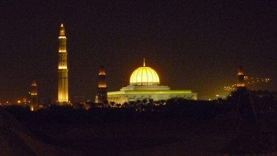 Die Kuppel der Sultan Qabus Moschee leuchtet jetzt wie glühendes Gold unter dem dunklen Nachthimmel und die Minarette sind geheimnisvoll angestrahlt.
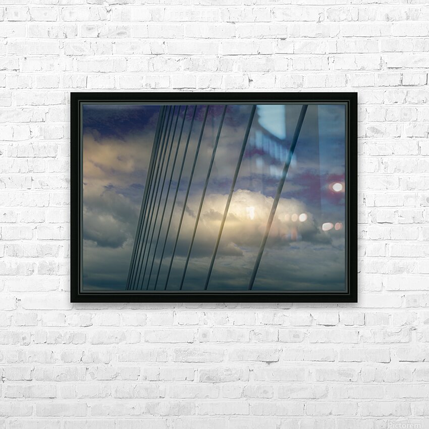 The cloud views looking through the support wires of the Talmadge Memorial Bridge presented a unique opportunity for a modern abstract over Savannah Georgia's Savannah River near dusk. Visible from the downtown historic district of Savannah, the Talmadge Memorial Bridge fills the horizon over to Hutchinson Island looking up river. This bridge was a replacement for another bridge which lacked the height to allow the newer vessels to pass under the bridge. The new Talmadge Memorial bridge cable-stayed replacement, completed in March 1991, is better able to accommodate tall maritime traffic. Remnants of the old Ogeechee-Savannah Canal can be seen on the Georgia side, under the bridge. This project took many years to complete in the 1800’s, but was only in use for short period of time. During that time, barges were polled or pulled to various plantations along the canal. The Savannah International Trade and Convention Center and the Westin Savannah Harbor Resort are located on the island with a regular ferry that crosses to the historic downtown district of Savannah.
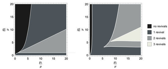 For the case of two waiting time distributions, one can analytically verify that the maximal number of revivals is one, and that revivals take place at the following:
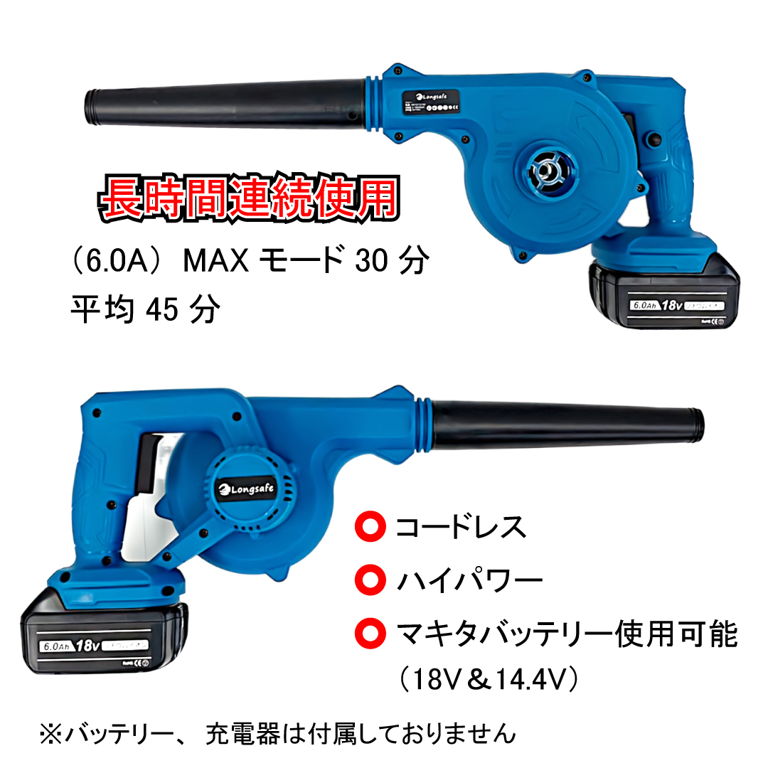 バッテリーを電源として使用する強力送風機です。屋外での落ち葉・芝などの吹き飛ばし、ホコリ・チリなどのゴミの吸塵、水切り等に使用可能です。

⁂

Could you retype the whole listing word for word, minus its pictures?

 Die Kuppel der Sultan Qabus Moschee leuchtet jetzt wie glühendes Gold unter dem dunklen Nachthimmel und die Minarette sind geheimnisvoll angestrahlt.
 The cloud views looking through the support wires of the Talmadge Memorial Bridge presented a unique opportunity for a modern abstract over Savannah Georgia's Savannah River near dusk. Visible from the downtown historic district of Savannah, the Talmadge Memorial Bridge fills the horizon over to Hutchinson Island looking up river. This bridge was a replacement for another bridge which lacked the height to allow the newer vessels to pass under the bridge. The new Talmadge Memorial bridge cable-stayed replacement, completed in March 1991, is better able to accommodate tall maritime traffic. Remnants of the old Ogeechee-Savannah Canal can be seen on the Georgia side, under the bridge. This project took many years to complete in the 1800’s, but was only in use for short period of time. During that time, barges were polled or pulled to various plantations along the canal. The Savannah International Trade and Convention Center and the Westin Savannah Harbor Resort are located on the island with a regular ferry that crosses to the historic downtown district of Savannah.
 For the case of two waiting time distributions, one can analytically verify that the maximal number of revivals is one, and that revivals take place at the following:
 バッテリーを電源として使用する強力送風機です。屋外での落ち葉・芝などの吹き飛ばし、ホコリ・チリなどのゴミの吸塵、水切り等に使用可能です。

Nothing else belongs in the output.